ML for Data Tagging and Classification - Zero Trust Activity 6.3.1

Implementing ML for Automated Data Tagging and Classification (Activity 6.3.1)

A critical aspect of applying granular controls is understanding the sensitivity and context of the data itself. We previously established the importance of data tagging and classification (Activity 4.4.2) for things like API access control (Activity 5.1.2).
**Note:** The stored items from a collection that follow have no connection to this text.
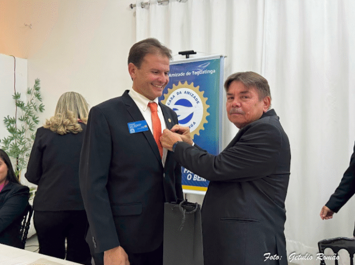 Em seguida, foi a vez do Rotary Club de Taguatinga dar posse ao seu novo presidente. Carlos Alberto Lima Soares transmitiu oficialmente o cargo a Gustavo Serra dos Santos, que emocionou a todos com um discurso sensível e carregado de gratidão. Em lágrimas e com a voz embargada, Gustavo reafirmou seu compromisso com os ideais do Rotary e com a continuidade dos relevantes projetos da instituição.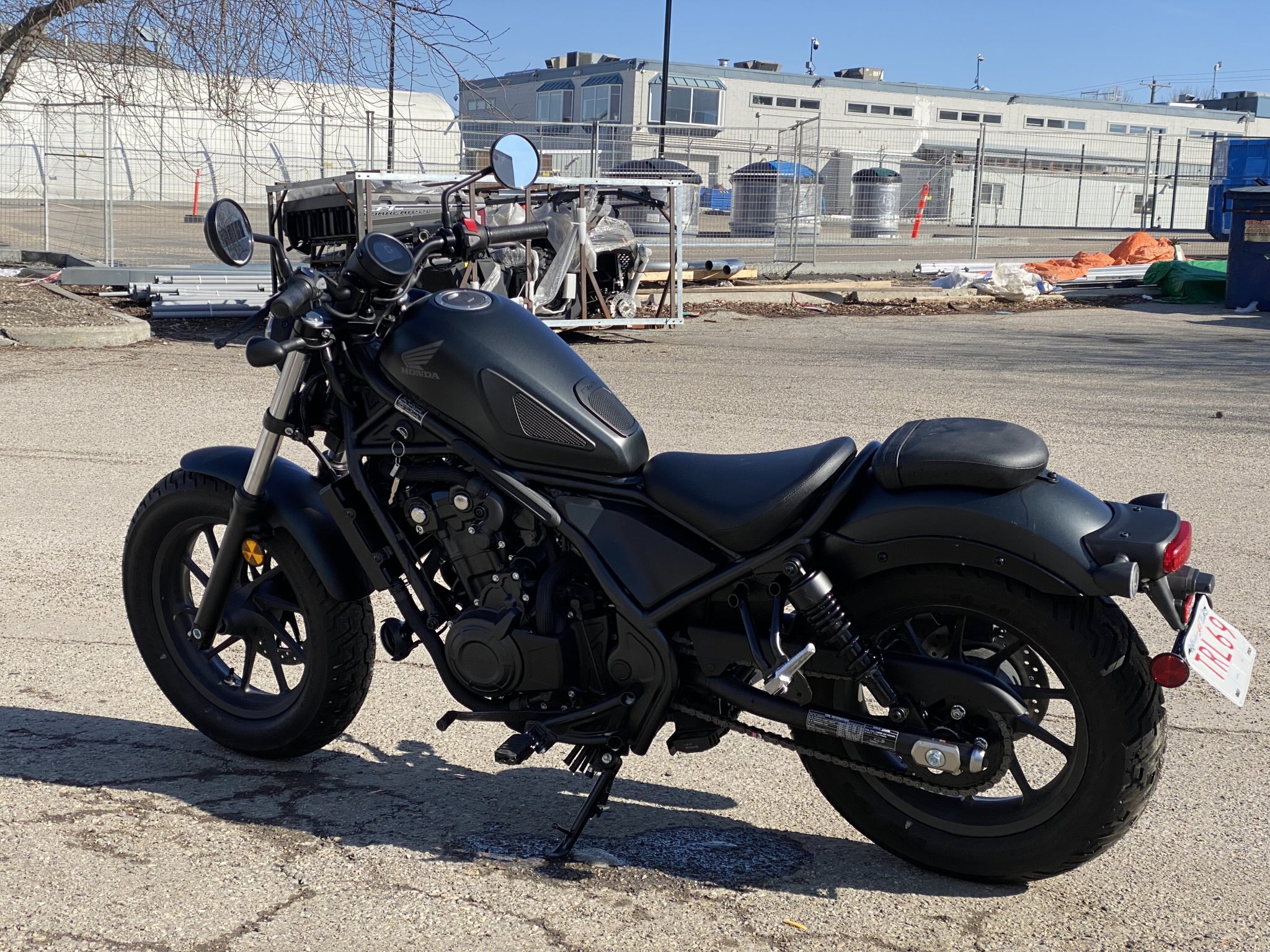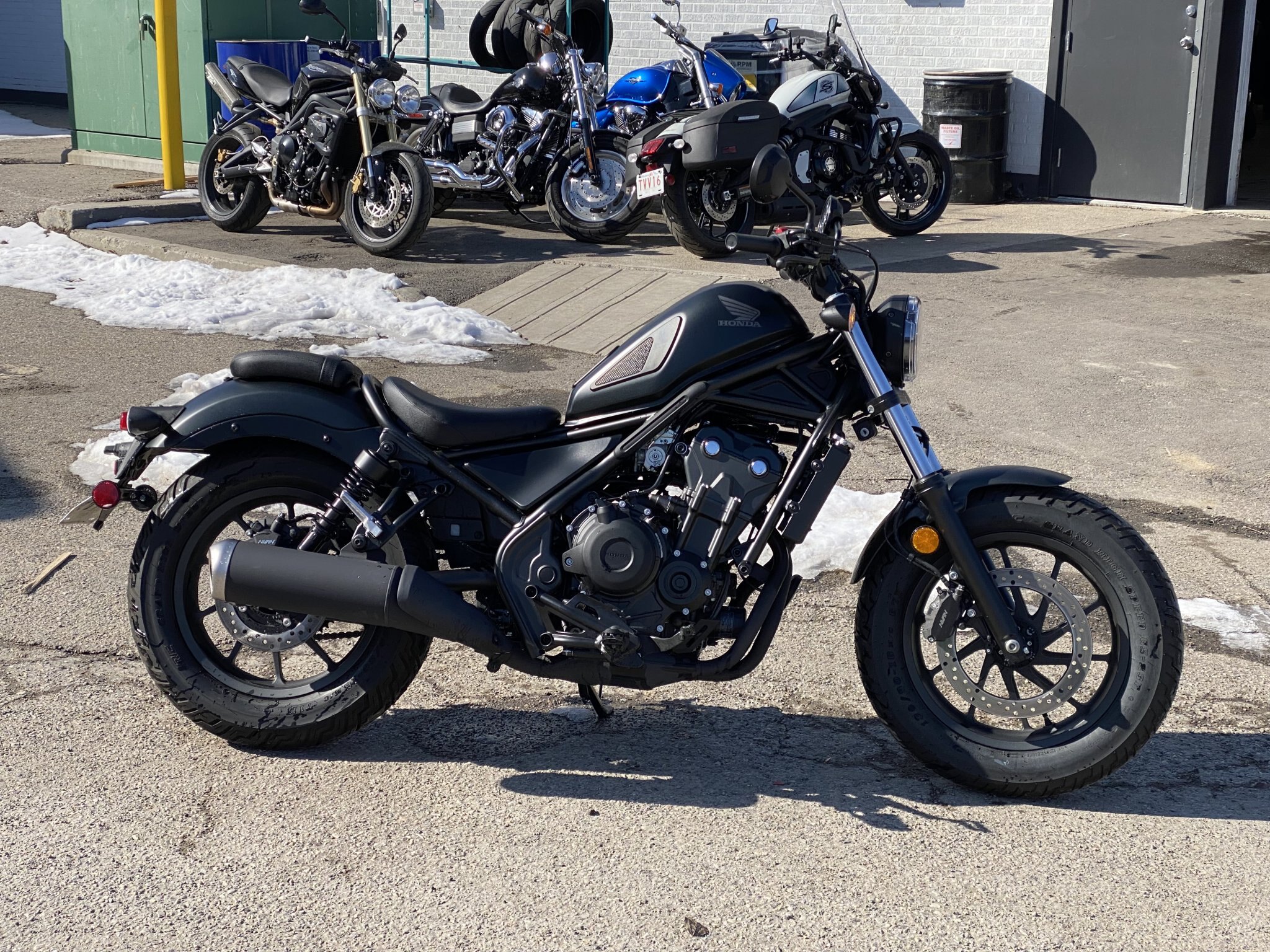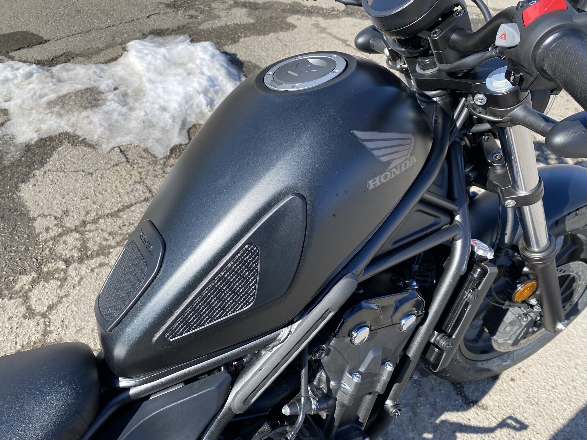 The 2025 Honda Rebel 500 ABS SE (Special Edition) is a cruiser motorcycle featuring a 471cc liquid-cooled parallel-twin engine, characterized by a low 27.2-inch seat height and "blacked-out" styling. The Special Edition adds factory-installed accessories, including a brown diamond-stitch seat, black fork boots, and a colour-matched headlight cowl.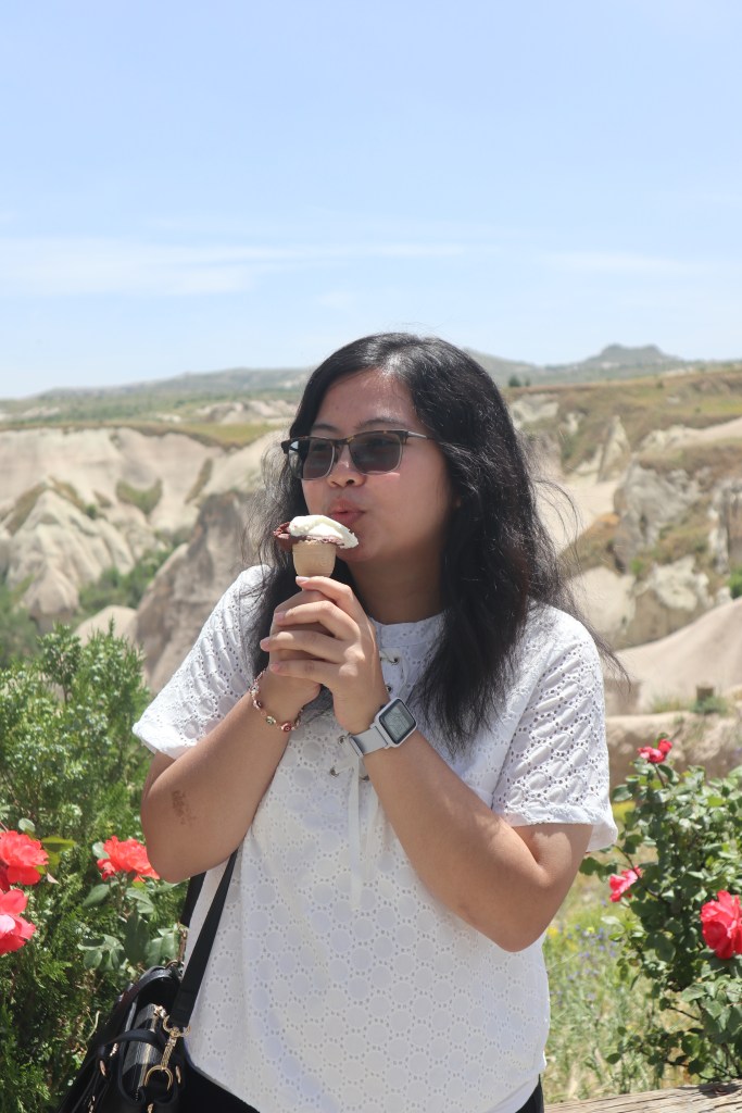 Selanjutnya mampir sebentar ke Uchisar Valley. Kami tidak lama disitu, paling hanya 10 menit. Setelah ini adalah part paling melegakan di siang hari yang sangat terik yaitu makan es krim gratis. Turkish Ice Cream sangat terkenal, dan kami diperbolehkan untuk menikmatinya dengan gratis sambil mengantri berfoto dengan baju Ottoman.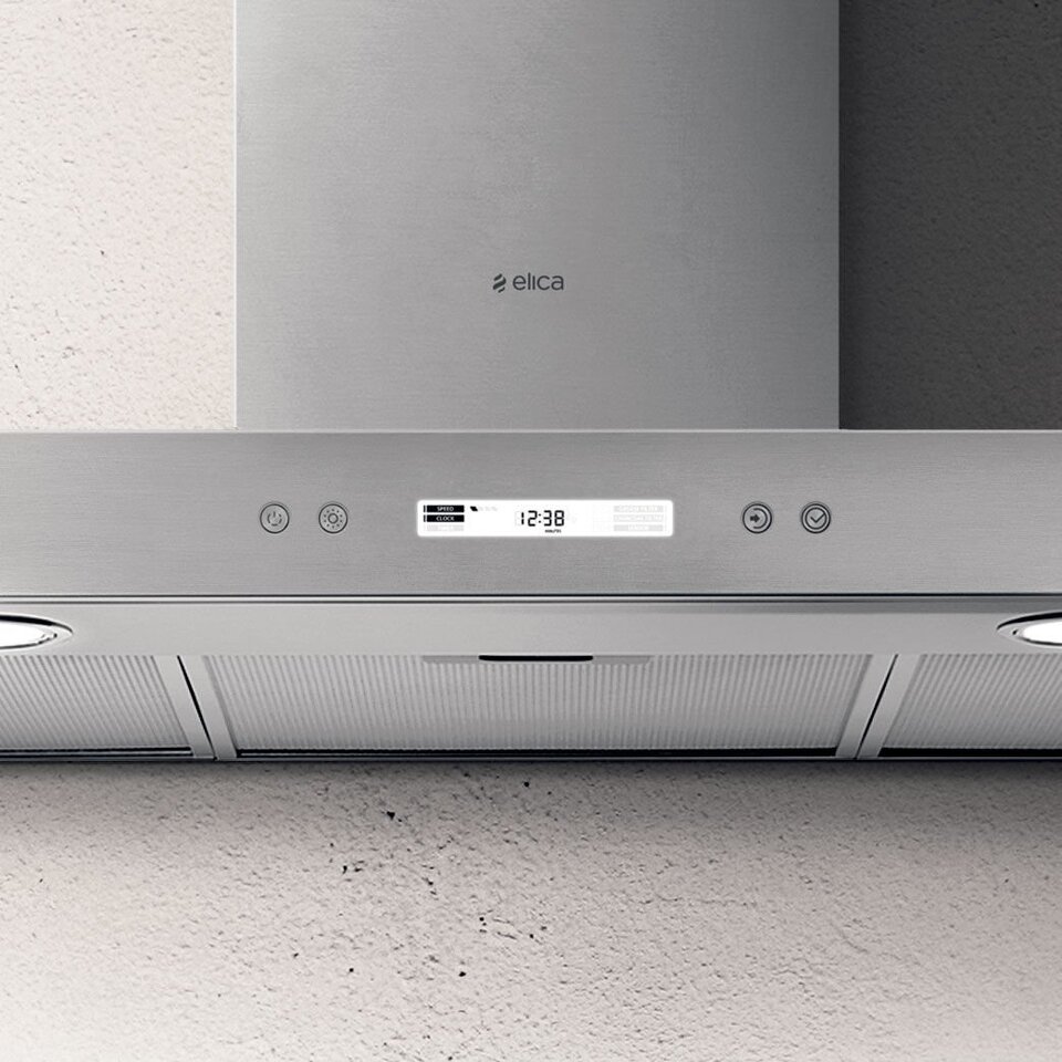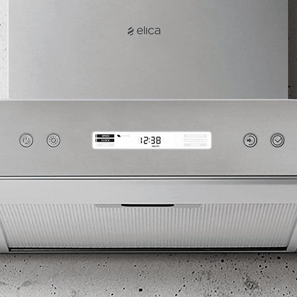 Дизайн. Настенная вытяжка ELICA SPOT PLUS IX/A/60 шириной 60 см имеет универсальный геометричный дизайн. Модель выполнена в цвете «нержавеющая сталь» и может быть интегрирована в любой современный кухонный интерьер. Фасад дополнен информативным дисплеем, на котором отображаются установленные настройки.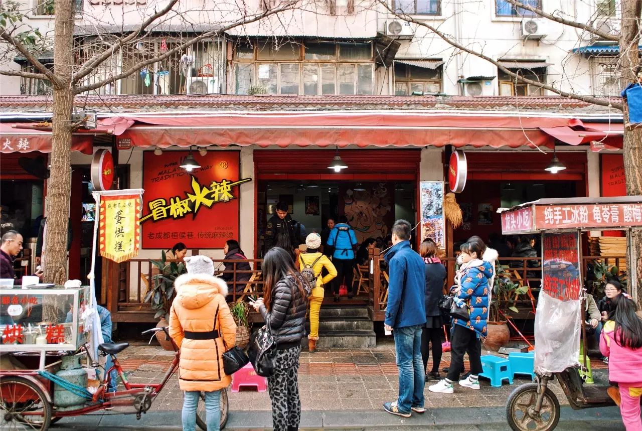 冒椒火辣在四川话里是“焦头烂额+火冒三丈”的意思。此店还未开门,便有精明的客人在街道边上等候,只要腿短一些走慢了几步路,就会眼睁睁看着原本属于你的号落于他人的手中,此时,用“冒椒火辣”来形容你的心情再贴切不过。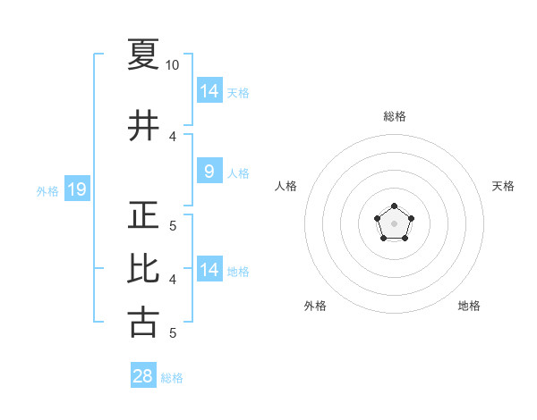 夏井 正比古さんの天格は14画の1点!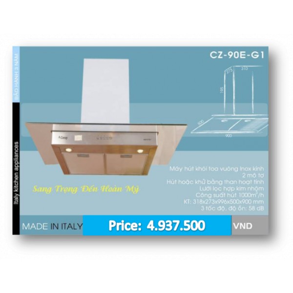 cao, có mặt...CZ-90E-G1, Máy hút mùi Canzy - sang trọng đến hoàn mỹ.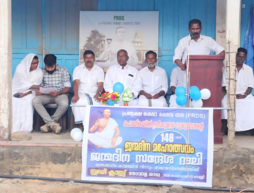 പ്രത്യക്ഷ രക്ഷാ ദൈവസഭയുടെ സ്ഥാപകനായ പൊയ്കയിൽ ശ്രീകുമാര ഗുരുദേവൻറെ 148-ാം ജന്മദിനത്തോടനുബന്ധിച്ച് പി.ആർ.ഡി.എസ് തോവള ശാഖയുടെ നേതൃത്വത്തിൽ ജന്മദിന സന്ദേശ റാലി സംഘടിപ്പിച്ചു.

However, manual data classification can be a daunting, slow, and error-prone task in a vast enterprise.

Zero Trust Activity 6.3.1: Implement Data Tagging & Classification ML Tools brings the power of Machine Learning (ML) directly to data governance, automating and enhancing the accuracy of data tagging and classification.

The activity mandates that DoD Components utilize existing Data Tagging and Classification standards and requirements to integrate Machine Learning (ML) solution(s)/capability as needed. This means implementing ML-driven tools where they can provide the most value. Crucially, ML solution(s) are implemented by Components, and existing tagged and classified data repositories are used to establish baselines. This leverages past manual efforts to train the machines. The ML solution(s) will then apply data tags in a supervised approach to continually improve analysis, indicating a human-in-the-loop model for accuracy and ongoing refinement.

This activity is vital for scaling data-centric Zero Trust policies. Automated, accurate data tagging allows for dynamic enforcement of “need-to-know” access rules based on data sensitivity, reducing manual overhead and increasing policy consistency.

The outcomes for Activity 6.3.1 highlight the operationalization of ML for data governance:

Components implement ML capabilities with data tagging and classification.

The ultimate end state signifies a mature, ML-powered data security posture: Machine learning solution is acquired, trained, and implemented in accordance with DoD established Data Tagging and Classification tools. Machines are trained on a high-quality subset of data developed under activity 4.3.1 with human oversight and assessment. This emphasizes the continuous, human-validated improvement of the ML models.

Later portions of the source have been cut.